Member of the Maryland House of Delegates from the Harford County district
- In office 1892–1896 Serving with Thomas B. Hayward, John O. Stearns, Murray Vandiver, Harold Scarboro

Personal details
- Born: c. 1854 Harford County, Maryland, U.S.
- Died: March 29, 1940 Havre de Grace, Maryland, U.S.
- Resting place: Abingdon Methodist Cemetery Abingdon, Maryland, U.S.
- Party: Democratic
- Spouse: Lida A. Buckingham ​(died 1938)​
- Occupation: Politician; farmer; canner;

= Samuel S. Bevard =

American politician (died 1940)

Samuel S. Bevard (c. 1854 – March 29, 1940) was an American politician, farmer, and canner from Maryland. He served as a member of the Maryland House of Delegates, representing Harford County, from 1892 to 1896.

==Early life==
Samuel S. Bevard was born in Harford County, Maryland around 1854 to Wakeman H. Bevard. His father was a farmer and owned the 145 acres "Willow Valley" farm. His grandfather George Bevard was present at the Battle of Baltimore. Bevard studied at public schools and attended Bel Air Academy.

==Career==
Bevard worked as a canner and farmer.
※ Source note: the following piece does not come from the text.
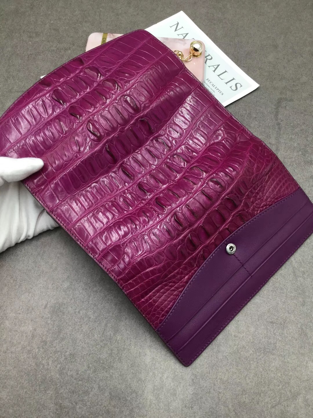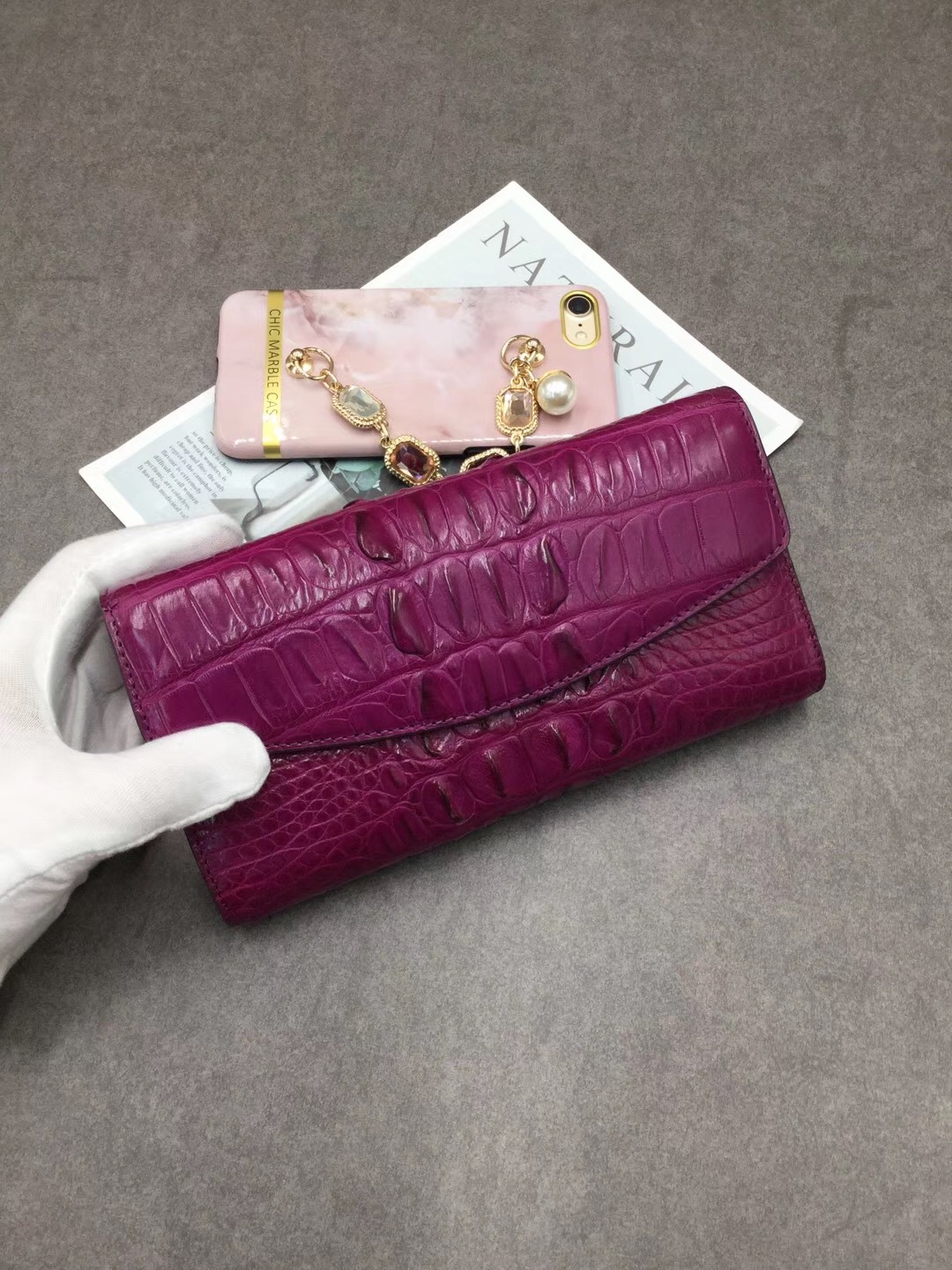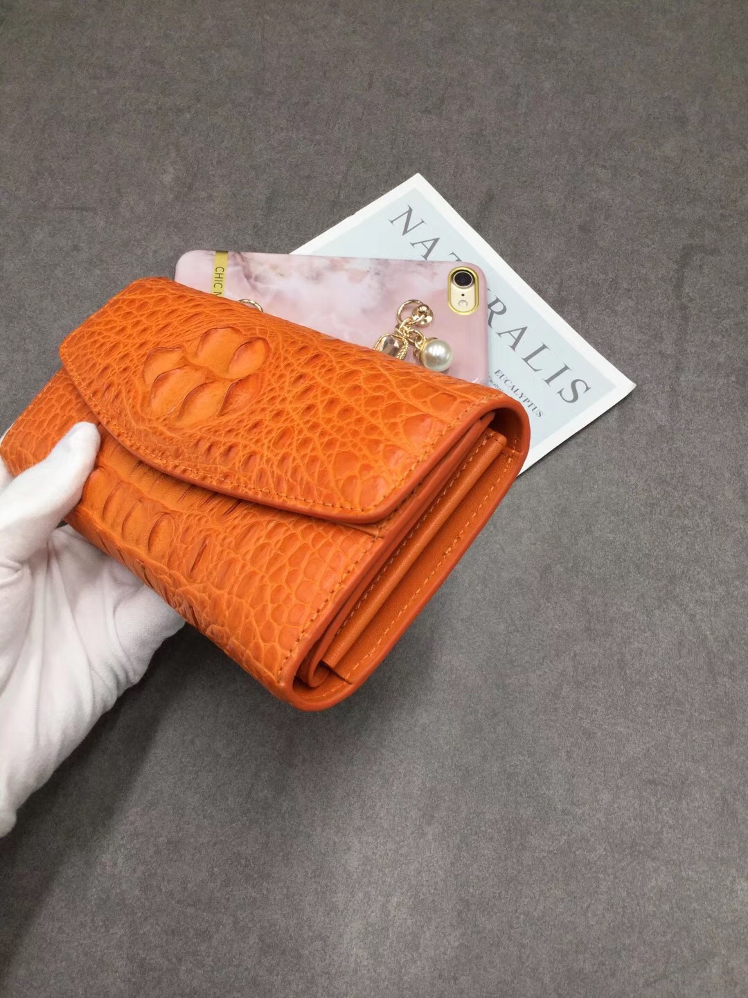Ví tiền gập ba dành cho nữ, điểm nhấn độc đáo với mặt trước được tạo hình xương cá sấu Thái Lan đầy ấn tượng. Kiểu dáng thời trang, phù hợp cho các dịp đi chơi hoặc dạo phố. Sản phẩm có ngăn đựng tiền và nhiều ngăn nhỏ tiện lợi cho thẻ, giấy tờ. Cách dùng đơn giản, chỉ cần mở khóa gập và sắp xếp đồ vật vào các ngăn được thiết kế sẵn. | Tên sản phẩm: Ví Bóp Cầm Tay Nữ - Túi Ví Nữ | Mã sản phẩm: L2603 - Giá: 4.160.000đ | Mã nhà sản xuất: GUREG-G06Hình ảnh sản phẩm

He was also connected with road and farmers' conventions.

Bevard was a Democrat. Bevard served as a member of the Maryland House of Delegates, representing Harford County, from 1892 to 1896.

He later worked as a clerk in the state's treasurer office.

==Personal life==
Bevard married Lida A. Buckingham. She died in 1938.

Bevard died on March 29, 1940, at Havre de Grace Hospital. He was interred at Abingdon Methodist Cemetery.